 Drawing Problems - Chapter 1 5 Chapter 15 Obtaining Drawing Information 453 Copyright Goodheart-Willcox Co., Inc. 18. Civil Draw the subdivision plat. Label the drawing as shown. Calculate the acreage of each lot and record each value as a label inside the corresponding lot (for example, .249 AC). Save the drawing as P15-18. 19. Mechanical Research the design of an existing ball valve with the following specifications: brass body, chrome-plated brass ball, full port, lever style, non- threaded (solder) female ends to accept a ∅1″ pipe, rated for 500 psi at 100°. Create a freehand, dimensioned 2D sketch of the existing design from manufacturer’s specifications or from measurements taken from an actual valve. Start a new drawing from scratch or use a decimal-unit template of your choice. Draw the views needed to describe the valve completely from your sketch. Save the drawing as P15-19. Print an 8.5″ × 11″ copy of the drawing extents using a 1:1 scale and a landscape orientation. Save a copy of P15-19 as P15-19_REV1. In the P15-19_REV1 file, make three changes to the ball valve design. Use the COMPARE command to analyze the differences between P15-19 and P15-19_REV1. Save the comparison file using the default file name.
...
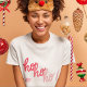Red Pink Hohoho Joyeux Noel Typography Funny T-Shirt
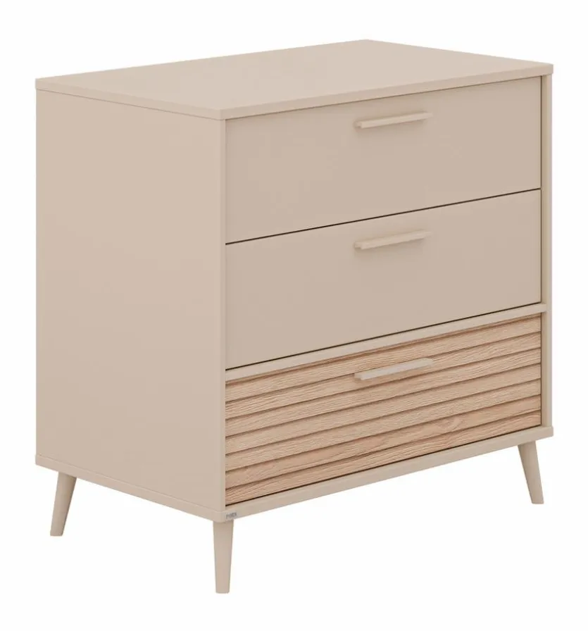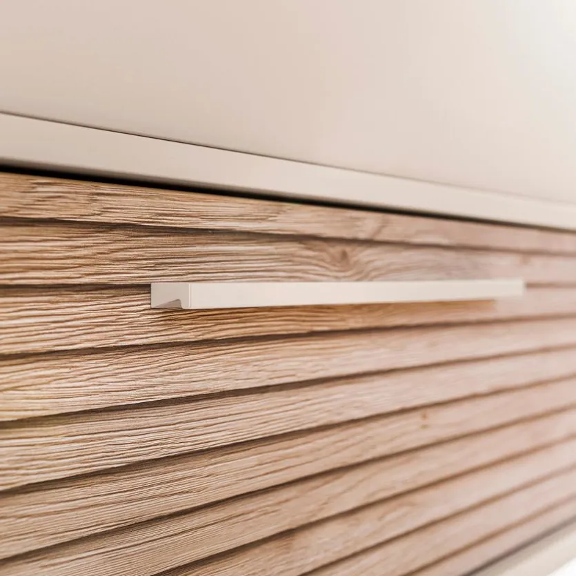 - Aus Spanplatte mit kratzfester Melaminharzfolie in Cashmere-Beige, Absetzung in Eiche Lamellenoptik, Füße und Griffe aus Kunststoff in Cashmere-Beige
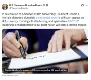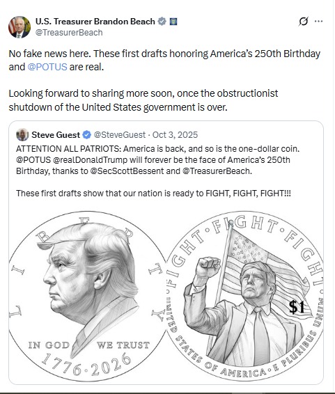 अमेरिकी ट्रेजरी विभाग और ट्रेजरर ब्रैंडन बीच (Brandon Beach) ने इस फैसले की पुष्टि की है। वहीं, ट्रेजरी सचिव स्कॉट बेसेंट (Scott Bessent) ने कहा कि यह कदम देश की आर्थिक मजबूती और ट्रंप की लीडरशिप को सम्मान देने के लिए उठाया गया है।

• Try it
Using the entries above, repeat exactly the lines from the one with "- Aus Spanplatte" to the one with "अमेरिकी ट्रेजरी विभाग", both included, and leave the pictures behind.

• Answer to this task
 - Aus Spanplatte mit kratzfester Melaminharzfolie in Cashmere-Beige, Absetzung in Eiche Lamellenoptik, Füße und Griffe aus Kunststoff in Cashmere-Beige
 अमेरिकी ट्रेजरी विभाग और ट्रेजरर ब्रैंडन बीच (Brandon Beach) ने इस फैसले की पुष्टि की है। वहीं, ट्रेजरी सचिव स्कॉट बेसेंट (Scott Bessent) ने कहा कि यह कदम देश की आर्थिक मजबूती और ट्रंप की लीडरशिप को सम्मान देने के लिए उठाया गया है।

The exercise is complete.